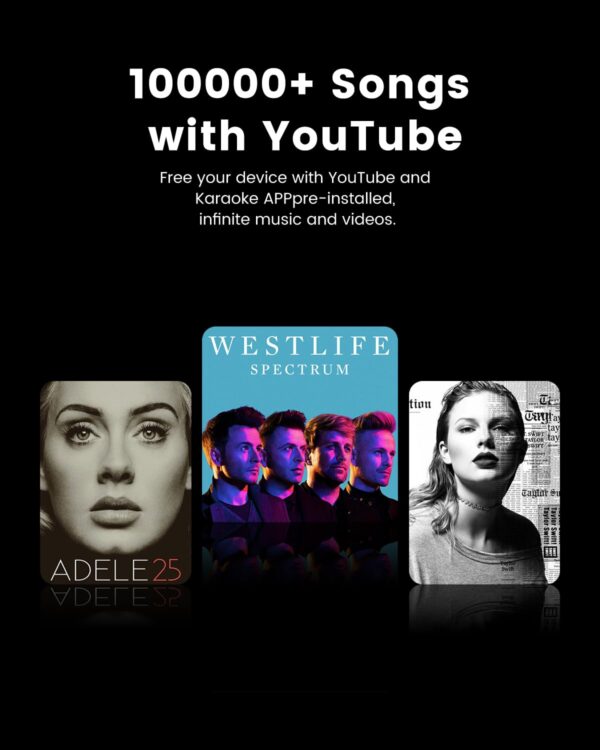 - Endless karaoke songs: Ikarao Break X2 professional karaoke machine not limited by your local song library, link to the built-in YouTube and Kraraoke APP via WiFi, with over 10,000,000+ songs in any language – unlimited songs and videos for you to choose from
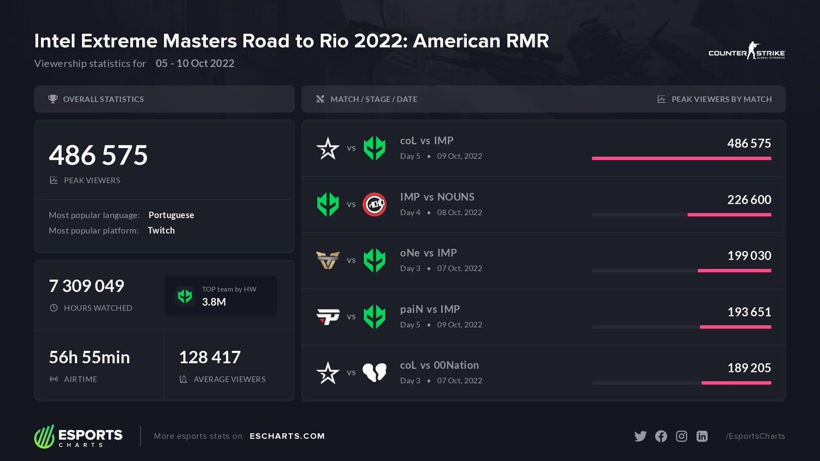 Além da vaga para o IEM Rio Major, a Imperial finalizou o RMR das Américas protagonizando quatro das cinco partidas mais assistidas do torneio. As informações são do Esports Charts.
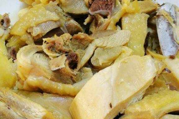 客家咸鸡是客家人的另一道受欢迎程度达到满星的硬菜。据说,以前物质匮乏时,客家人杀鸡不舍得一次吃完,为了一次只能吃一点,同时为了可以保存时间长一点,特意把鸡肉做的非常咸,这样大家吃的时候只要吃上一小块,就会感觉太咸,吃不了太多肉。后来大家发现将咸味调整到适当程度时肉质紧实,香味更浓,于是客家咸鸡成为了一道名菜,大人小孩都非常喜爱它!
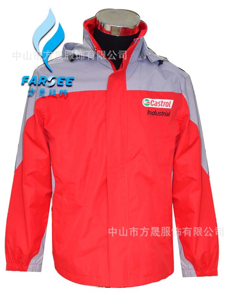 加實多秋裝防風防雨風衣男 戶外防風防雨連帽拼色沖鋒衣 批發定做
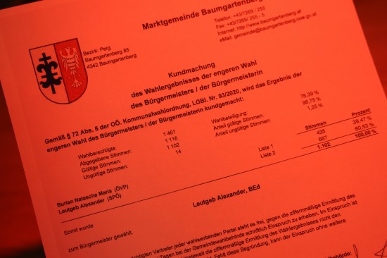 Baumgartenberg. Im Baumgartenberg (Bezirk Perg) waren am Sonntag nochmals 1.461 Stimmberechtigte zur Wahl einer neuen Bürgermeisterin beziehungsweise eines neuen Bürgermeisters aufgerufen.
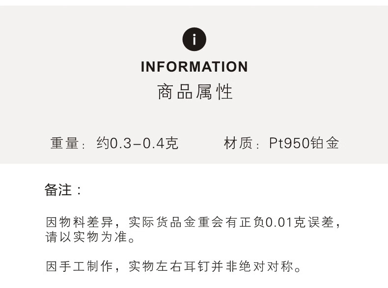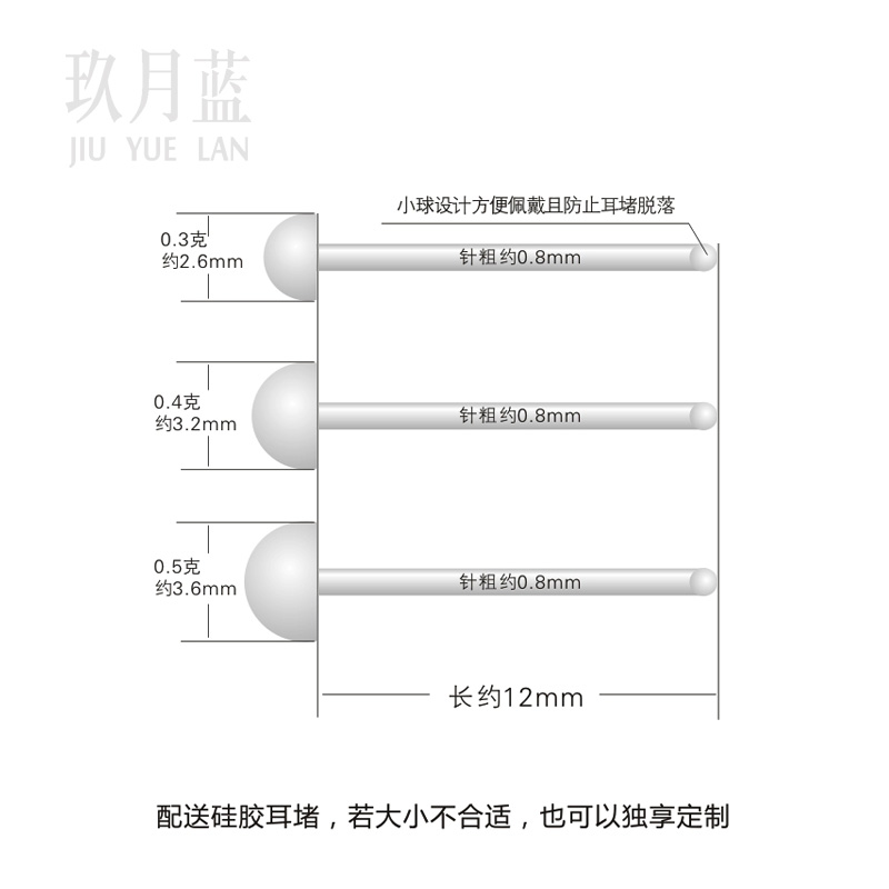 Luohe Pt950 platinum earrings ear stick platinum round ball solid simple beans custom-made for women and men small mushroom Christmas platinum earrings 0.3g (single)
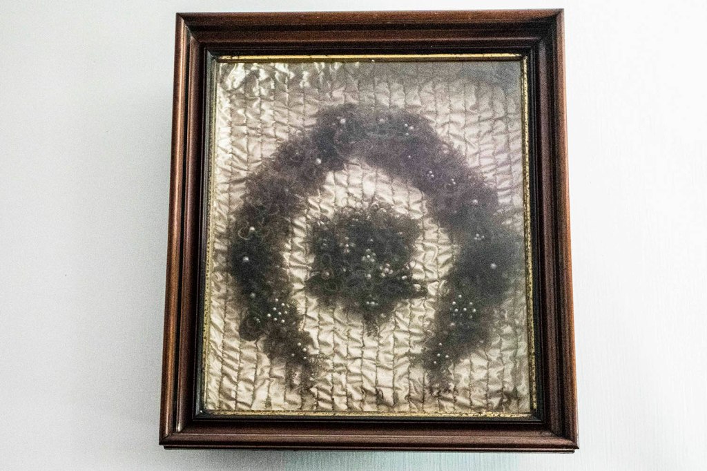 Takie „dzieła” jak na zdjęciu powyżej były tworzone z włosów ludzkich, i jak wytłumaczył nam przewodnik, każda rodzina chciała mieć jakąś pamiątkę po swoich przodkach, więc jeśli kogoś nie było stać na opłacenie fotografa czy malarza portrecisty wyrywał sobie kępy włosów i artystycznie wczepiał je w kawałek jedwabnego materiału……razem z kilkoma ozdobami. Po tym interesującym wykładzie przechodzimy na drugą stronę rzeki idąc krytym mostem Narrows Covered Bridge…
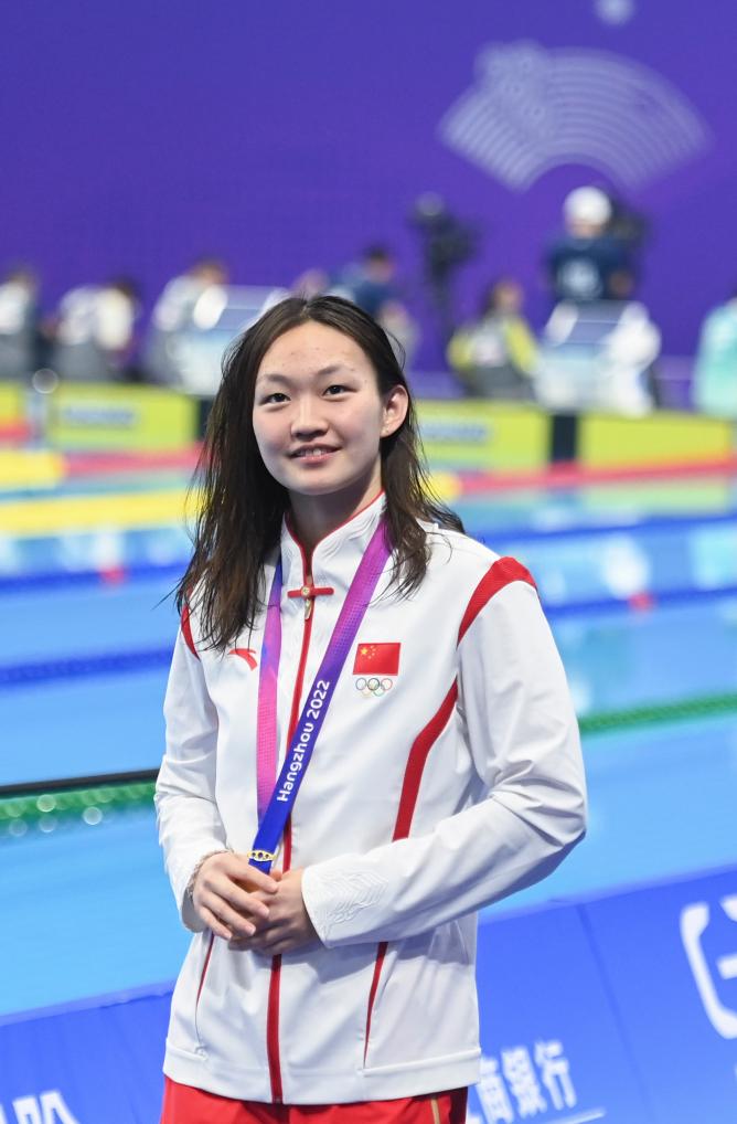 9月26日,中國選手李冰潔在女子400米自由泳決賽頒獎儀式上,她獲得該項目冠軍。新華社記者 黃宗治 攝
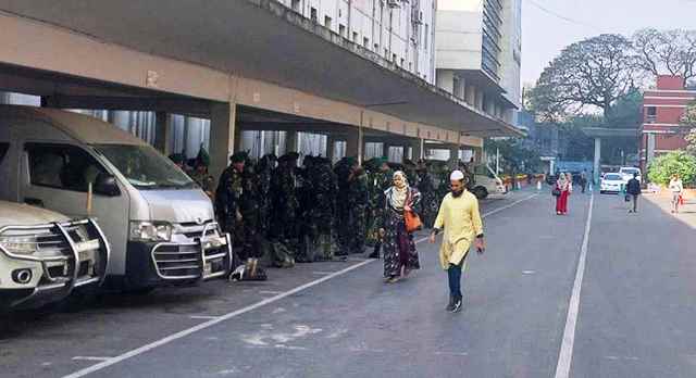 সচিবালয়ের ১ নম্বর ভবনের সামনে এসএসএফ, পিজিআর, পুলিশ, র্যাব এবং অন্যান্য গোয়েন্দা সংস্থার সদস্যরা অবস্থান নিয়েছেন। ভবনের এলাকা যানবাহনমুক্ত করা হয়েছে এবং প্রবেশাধিকার সীমিত রাখা হয়েছে। এছাড়া অন্যান্য ভবনগুলোতে মন্ত্রীদের নামফলক বসানো হয়েছে।

§ WHAT TO DO:
Nothing but the lines from the first line of the data through the line with "Luohe Pt950 platinum" belongs in the answer, copied exactly and without pictures.

§ EXERCISE RESULT:
 - Endless karaoke songs: Ikarao Break X2 professional karaoke machine not limited by your local song library, link to the built-in YouTube and Kraraoke APP via WiFi, with over 10,000,000+ songs in any language – unlimited songs and videos for you to choose from
 Além da vaga para o IEM Rio Major, a Imperial finalizou o RMR das Américas protagonizando quatro das cinco partidas mais assistidas do torneio. As informações são do Esports Charts.
 客家咸鸡是客家人的另一道受欢迎程度达到满星的硬菜。据说,以前物质匮乏时,客家人杀鸡不舍得一次吃完,为了一次只能吃一点,同时为了可以保存时间长一点,特意把鸡肉做的非常咸,这样大家吃的时候只要吃上一小块,就会感觉太咸,吃不了太多肉。后来大家发现将咸味调整到适当程度时肉质紧实,香味更浓,于是客家咸鸡成为了一道名菜,大人小孩都非常喜爱它!
 加實多秋裝防風防雨風衣男 戶外防風防雨連帽拼色沖鋒衣 批發定做
 Baumgartenberg. Im Baumgartenberg (Bezirk Perg) waren am Sonntag nochmals 1.461 Stimmberechtigte zur Wahl einer neuen Bürgermeisterin beziehungsweise eines neuen Bürgermeisters aufgerufen.
 Luohe Pt950 platinum earrings ear stick platinum round ball solid simple beans custom-made for women and men small mushroom Christmas platinum earrings 0.3g (single)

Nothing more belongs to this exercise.